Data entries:
╭──
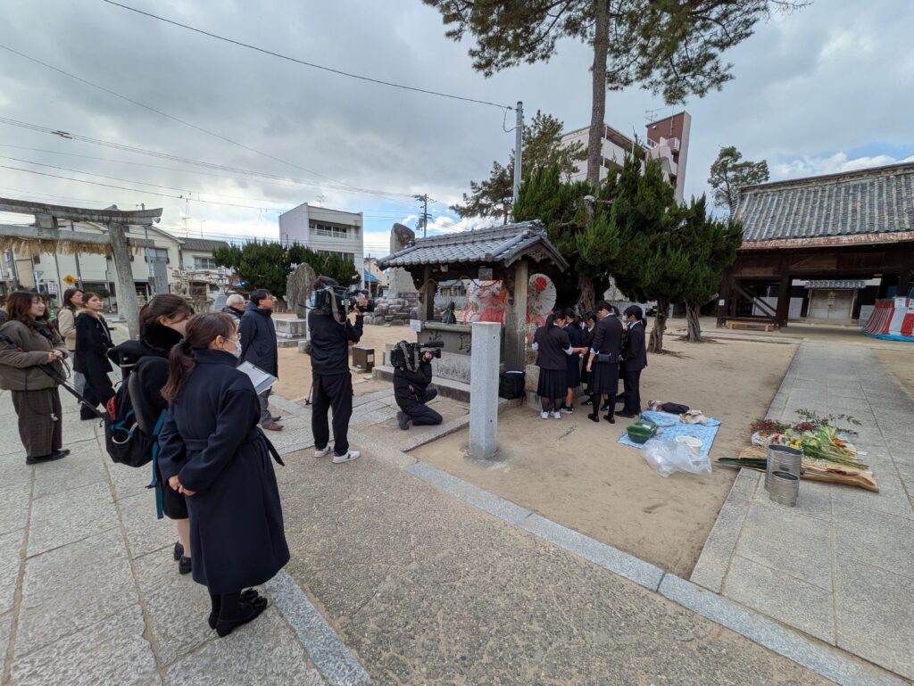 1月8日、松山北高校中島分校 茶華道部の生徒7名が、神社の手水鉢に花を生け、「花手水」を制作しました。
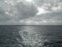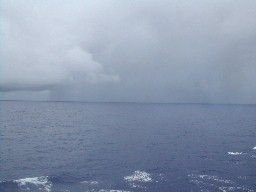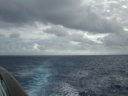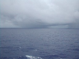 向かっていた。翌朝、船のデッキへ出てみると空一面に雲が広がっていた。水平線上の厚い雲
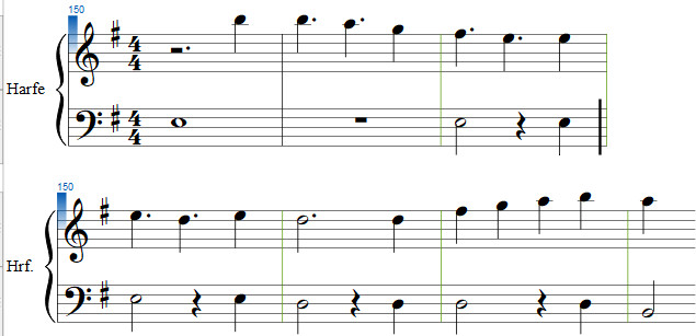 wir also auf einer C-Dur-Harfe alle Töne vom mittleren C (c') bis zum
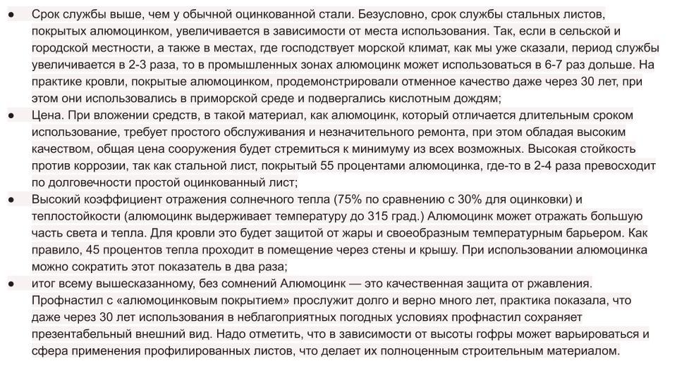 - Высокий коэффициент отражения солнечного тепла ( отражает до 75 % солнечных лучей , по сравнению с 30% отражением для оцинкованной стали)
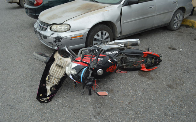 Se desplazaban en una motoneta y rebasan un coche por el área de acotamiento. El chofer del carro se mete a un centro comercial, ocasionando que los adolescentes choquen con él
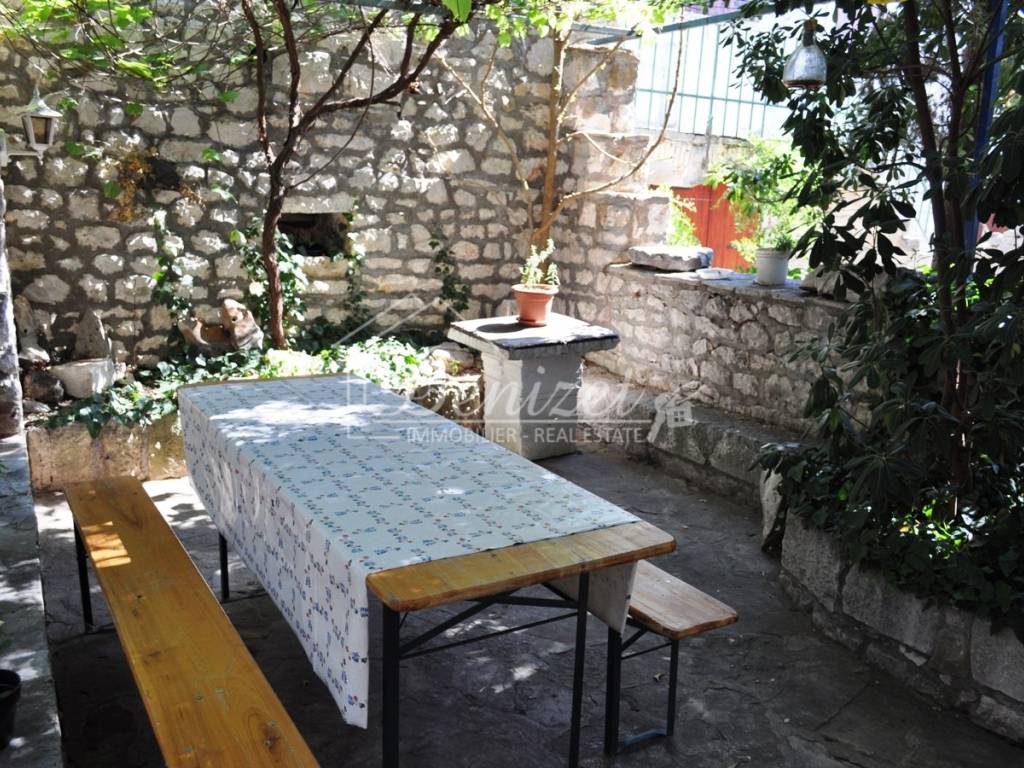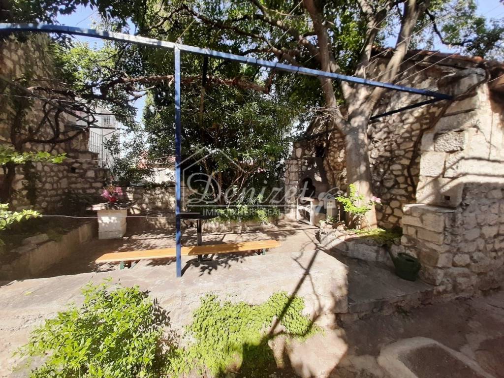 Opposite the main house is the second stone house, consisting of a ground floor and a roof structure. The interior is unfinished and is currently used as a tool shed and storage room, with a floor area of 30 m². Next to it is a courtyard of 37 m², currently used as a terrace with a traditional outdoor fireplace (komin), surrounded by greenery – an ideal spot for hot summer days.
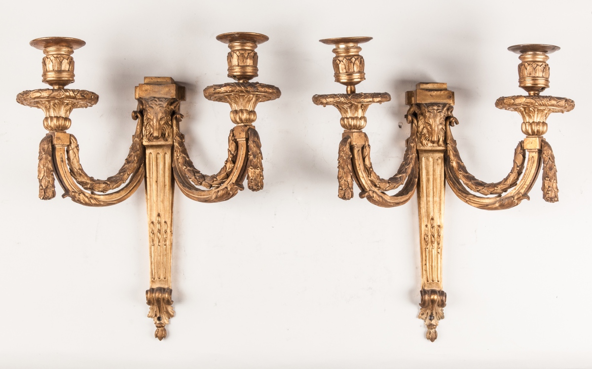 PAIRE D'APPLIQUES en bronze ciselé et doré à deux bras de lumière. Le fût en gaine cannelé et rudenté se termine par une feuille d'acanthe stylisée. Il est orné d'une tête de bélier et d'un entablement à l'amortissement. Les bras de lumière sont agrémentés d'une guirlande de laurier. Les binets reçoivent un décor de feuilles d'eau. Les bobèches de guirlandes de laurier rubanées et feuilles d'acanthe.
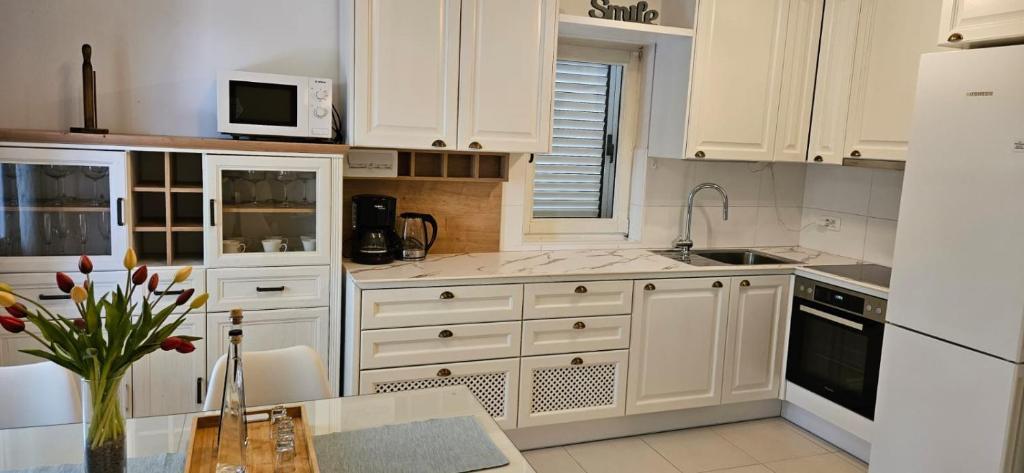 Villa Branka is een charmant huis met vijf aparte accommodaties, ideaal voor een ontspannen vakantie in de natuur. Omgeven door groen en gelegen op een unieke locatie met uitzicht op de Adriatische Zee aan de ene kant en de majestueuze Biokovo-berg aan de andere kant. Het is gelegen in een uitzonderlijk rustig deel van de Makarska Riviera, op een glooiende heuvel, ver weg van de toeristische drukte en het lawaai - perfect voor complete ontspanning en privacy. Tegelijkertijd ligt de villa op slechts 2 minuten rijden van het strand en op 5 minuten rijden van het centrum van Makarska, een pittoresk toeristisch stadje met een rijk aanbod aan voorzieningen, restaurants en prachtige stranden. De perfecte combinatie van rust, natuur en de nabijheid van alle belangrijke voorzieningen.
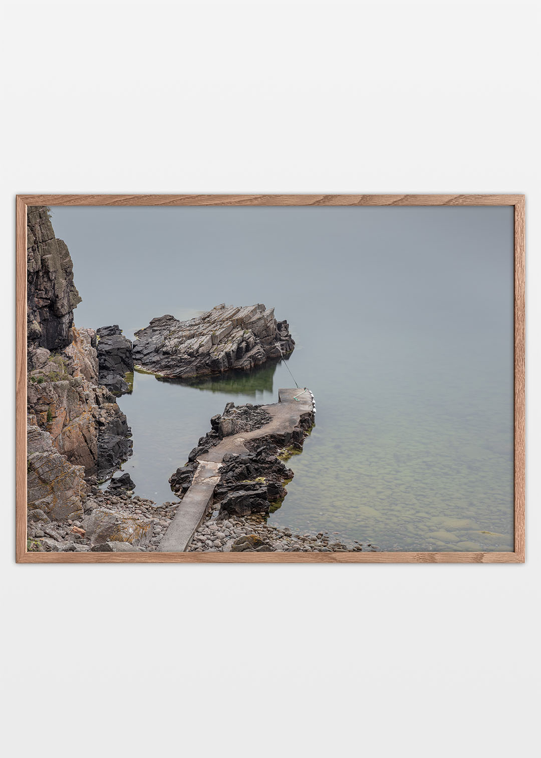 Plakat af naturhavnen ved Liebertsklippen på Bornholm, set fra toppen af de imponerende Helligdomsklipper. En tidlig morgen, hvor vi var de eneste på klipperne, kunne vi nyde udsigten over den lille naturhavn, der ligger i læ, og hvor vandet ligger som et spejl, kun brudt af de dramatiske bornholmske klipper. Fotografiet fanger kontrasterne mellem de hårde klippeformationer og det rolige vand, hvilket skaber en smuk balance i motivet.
╰──
#### TASK DESCRIPTION
Locate "PAIRE D'APPLIQUES en" in the entries above. Copy, exactly and only, the lines from that line to the end, leaving out the pictures.

#### TASK ANSWER
 PAIRE D'APPLIQUES en bronze ciselé et doré à deux bras de lumière. Le fût en gaine cannelé et rudenté se termine par une feuille d'acanthe stylisée. Il est orné d'une tête de bélier et d'un entablement à l'amortissement. Les bras de lumière sont agrémentés d'une guirlande de laurier. Les binets reçoivent un décor de feuilles d'eau. Les bobèches de guirlandes de laurier rubanées et feuilles d'acanthe.
 Villa Branka is een charmant huis met vijf aparte accommodaties, ideaal voor een ontspannen vakantie in de natuur. Omgeven door groen en gelegen op een unieke locatie met uitzicht op de Adriatische Zee aan de ene kant en de majestueuze Biokovo-berg aan de andere kant. Het is gelegen in een uitzonderlijk rustig deel van de Makarska Riviera, op een glooiende heuvel, ver weg van de toeristische drukte en het lawaai - perfect voor complete ontspanning en privacy. Tegelijkertijd ligt de villa op slechts 2 minuten rijden van het strand en op 5 minuten rijden van het centrum van Makarska, een pittoresk toeristisch stadje met een rijk aanbod aan voorzieningen, restaurants en prachtige stranden. De perfecte combinatie van rust, natuur en de nabijheid van alle belangrijke voorzieningen.
 Plakat af naturhavnen ved Liebertsklippen på Bornholm, set fra toppen af de imponerende Helligdomsklipper. En tidlig morgen, hvor vi var de eneste på klipperne, kunne vi nyde udsigten over den lille naturhavn, der ligger i læ, og hvor vandet ligger som et spejl, kun brudt af de dramatiske bornholmske klipper. Fotografiet fanger kontrasterne mellem de hårde klippeformationer og det rolige vand, hvilket skaber en smuk balance i motivet.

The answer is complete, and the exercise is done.